You may have a favorite sleeping position that helps you drift off into slumber. Unless you’re a vampire, that position is one of three possibilities — relaxed flat on your back, curled onto your side, or snug on your belly. But falling asleep easily is not necessarily what defines a sleeping position that is good for your body for a solid eight hours. You need to consider how you are feeling the next day. Do you have aches and pains? Are you constipated or do you have other digestive problems? Are you exhausted?
The position you fall asleep in tonight will affect how you feel tomorrow. It’s possible your favorite position is not the right one for you if you experience joint pain, muscle stiffness, constipation (yes, it’s true), or lingering fatigue the next day. There are benefits and drawbacks to each position, although one seems to offer the most health advantages to the most people.
Which position is that? Here’s a possible hint. A study conducted in 2017, published in the journal, Nature and Science of Sleep, of over 600 male and female participants, ages 20 to 65, found that subjects spent 7.3% of their time in bed in the belly-down position, 37.5% of time sleeping on their back, and 54.1% of time sleeping on their side.
Read on for more details about which sleep position will have you feeling your best the next day.
Is back sleeping best for you?
Back sleeping is beneficial for those who suffer from hip or knee pain, arthritis, bursitis, or fibromyalgia, or experience a stuffy nose or congested sinuses when they lie down. Certified sleep science coach Bill Fish told Healthline that sleeping on your back helps keep the spine aligned, takes pressure off the shoulder and jaw, and reduces tension headaches.
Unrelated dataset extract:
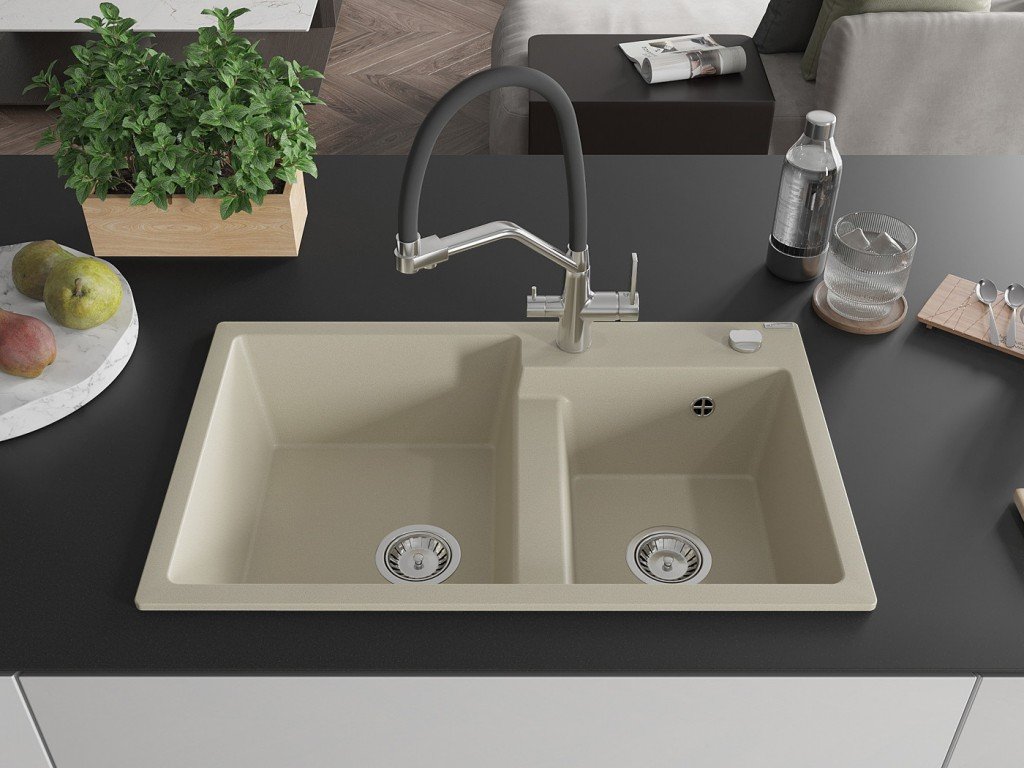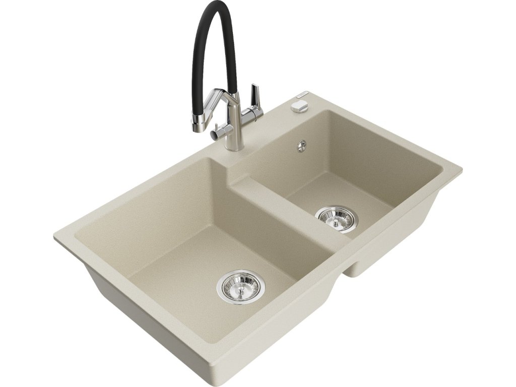 MEXEN/S - Tomas granitový dřez 2-bowly včetně baterie Duo, béžová 6516-69-671701-07

So if you have pain from injuries or chronic conditions, sleeping on your back may help alleviate it.
To make the position more effective, and train yourself to sleep on your back, slide a wedge pillow under your knees to put the spine in a neutral position; keep your legs hip-width apart and arms out to the sides to evenly distribute your weight on all joints; and consider placing pillows on each side to maintain the position. For a stuffy nose, prop your head up with an extra pillow (per Healthline), but avoid having your chin tilted toward the chest.
If you snore or suffer from sleep apnea, back sleeping is not for you. It allows the base of your tongue and soft palette to collapse to the back of your throat (per WebMD). If you’re intent on back-sleeping though, you can try to raise your head to reduce the chances of your breathing being affected, but achieving the right height is difficult without your head being vertical, according to CNET. It’s best to switch to side sleeping.
Bonus: There’s a beauty advantage to sleeping on your back. It protects your face from developing wrinkles caused by a pillow or gravity. Nice!
Should you sleep snug as a bug on your belly?
The short answer is no. Sleeping belly-down is not advised for several reasons. Fish explained to Healthline that most of the body’s weight is in the center. And when you’re lying belly-down, that weight pushes into the mattress and causes strain to the spine in the wrong direction, which can lead to back and neck pain. Sleeping on your stomach also puts strain on muscles and joints, causing soreness and fatigue the next day (per Healthline). What’s more, being in that position puts pressure on the respiratory system by requiring more effort to elevate the body against gravity in order to breathe (per Nature and Science of Sleep) and increases heart rate, neither of which helps you get a good night’s sleep (per Mic).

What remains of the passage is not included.